Ingredient: Serve 4
¼ cup olive oil
¼ cup chopped onions
1 or 2 chicken legs, deboned and sliced
¼ cup pork belly cubes
6 squid rings
¼ cup diced chorizo
4 lapu lapu fillets, cut into ½ inch cubes
Salt and pepper to taste
¾ cup cebolla rice
½ teaspoon paella mix (mixture of spices), herbs, saffron)
1 tablespoon paprika
2 tablespoons tomato sauce
1 ½ cups chicken stock
¼ cup frozen peas
1 whole Baguio bean, diced
¼ cup diced green peppers
4 fresh mussels, cleaned and rinsed
6 fresh clams, cleaned and rinsed
1 hard boiled egg, sliced
½ teaspoon chopped parsley lemon wedges
Procedures:
- Pre heat oven to 200oF.In a paellera or a shallow pan, heat olive oil and sauté onions and garlic until translucent.
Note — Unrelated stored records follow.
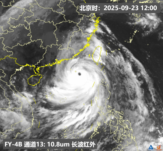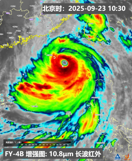 上图为风云四号B星的红外云图和红外增强云图,卫星成像仪对地球和大气扫描,观测扫描点上发射的长波红外辐射强度,根据反射辐射强度的不同而得到的云和地表的分布图像,就是红外云图。其波长范围位于10.3至11.3微米之间。在一般的红外云图中,浅色调区域代表着较小的红外辐射和较低的温度,而暗色调区域则表示红外辐射强烈、温度较高。云顶越高,其温度越低,在红外云图上会呈现出更白的色调。而在红外增强云图中能够进一步凸显台风的结构特征,红外增强云图中主要关注-20至-80℃的亮温区间,颜色越偏暖偏红,说明亮温越低,对流发展越旺盛,颜色越偏冷偏蓝,则说明亮温越高。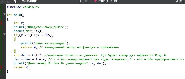 int den = k % 7; //операция остаток от деления. Тут будет номер дня недели от 0 до 6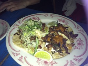 The preliminary purpose of our dinner was drinking enough to have something to talk about with everyone we had known in high school, so rounds of Margaritas (not too sweet and lots of booze), wine ($8 by the glass) and vodka-sodas (a Ruski’s gotta stick to her roots) started our meal. For food, we ordered a bunch of small share plates, all of which were delicious. Had our waitress not resembled Carey Mulligan in demeanor and French Carey Mulligan in accent, I might have been pissed that we were given the wrong ceviche, or not brought out an order of taquitos, or that my first vodka-soda tasted like soda-soda (Carey quickly learned from her mistake and proceeded to bring me drinks so strong I needed a full lime to mask their flavor–attagirl), however, we were here for a) booze, and b) atmosphere, so I let it slide. The food we did get was delicious.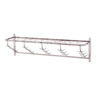 A streamlined coat rack from the 1950s with elegant details. Designed in the style of Mategot or Pilastro, characteristic of perforated metal. The wall-mounted coat rack is suspended from two inclined matte black plates that also form the back panel. The frame is made of organically shaped chrome tubing, with six original coat hooks on the lower bar. At the top, a compartment with a textured pattern provides space for hats, etc. The coat rack has been cleaned and treated with professional metal wax, making it immediately usable.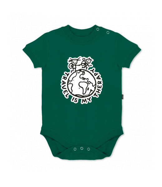UAX baby body SHORT for kid with design 1240 TRAVEL IS MY THERAPY in color UNIVERSITY GREEN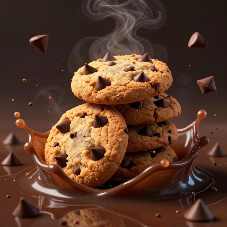 The image presents a visually striking scene of chocolate chip cookies, with a dramatic splash of liquid, likely coffee, engulfing them. The cookies, stacked in a pyramid-like formation, are generously studded with chocolate chips, their golden-brown surfaces glistening under the light. The liquid, captured in mid-splash, creates a dynamic and almost fiery effect, with steam rising from the surface, adding to the dramatic atmosphere. Chocolate chips are scattered around the base, some floating in the liquid, while others are airborne, creating a sense of motion and chaos. The overall composition is highly detailed, with a focus on the interplay of textures—crispy cookie surfaces, smooth chocolate chips, and the fluidity of the liquid. The lighting is high-key, highlighting the rich colors and creating a cinematic feel, reminiscent of Pixar animation. The spatial relationships are carefully arranged, with the cookies centrally positioned, the splash spreading outward, and the scattered chocolate chips adding depth and complexity to the scene.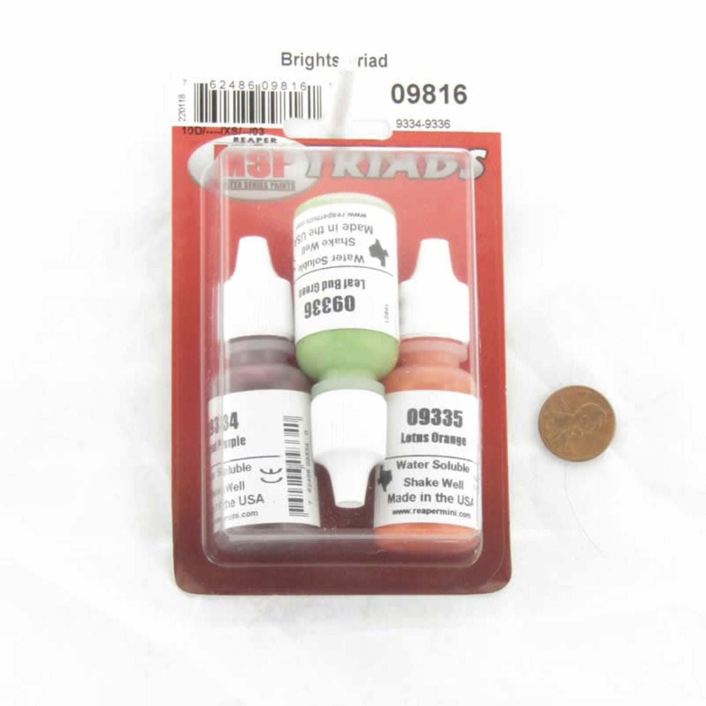 Rpr09816 Exotics Triad Acrylic Reaper Master Series Hobby Paint Dropper Bottles Reaper Miniatures Contains 3 - .5 Oz Paint Bottles.Paints Include- 09334 Orchid Purple- 09335 Lotus Orange- 09336 Leafbud Green Excellent For Thinned Paint Applications Like Layering, Washes And Glazes. Smooth And Fluid Right Out Of The Bottle Means Less Thinning Required. Enhanced Flow Properties Make Painting Small Details Easier. Sold In 1/2 Oz Dropper Bottles. Dries Matte. 100% Compatible With The Msp Hd Range. Airbrush-Friendly. Non-Toxic, Water Soluble. Note - Due To Differences In Monitors And Settings, Colors Represented May Not Precisely Reflect The Colors Sold. - Not For Children Under The Age Of 14 Years.

- Stir in chicken, pork, squid, chorizo, lapu lapu, salt and pepper, cebolla rice, paella mix, and paprika.
- Pour in tomato sauce, chicken stock, frozen peas, Baguio bean, and green peppers
- Cover with foil and bake in oven for 35 minutes more or nuntil mussels and clams open and the rice is fully cooked. Garnish with hard boiled egg and parsley. Serve with lemon wedges.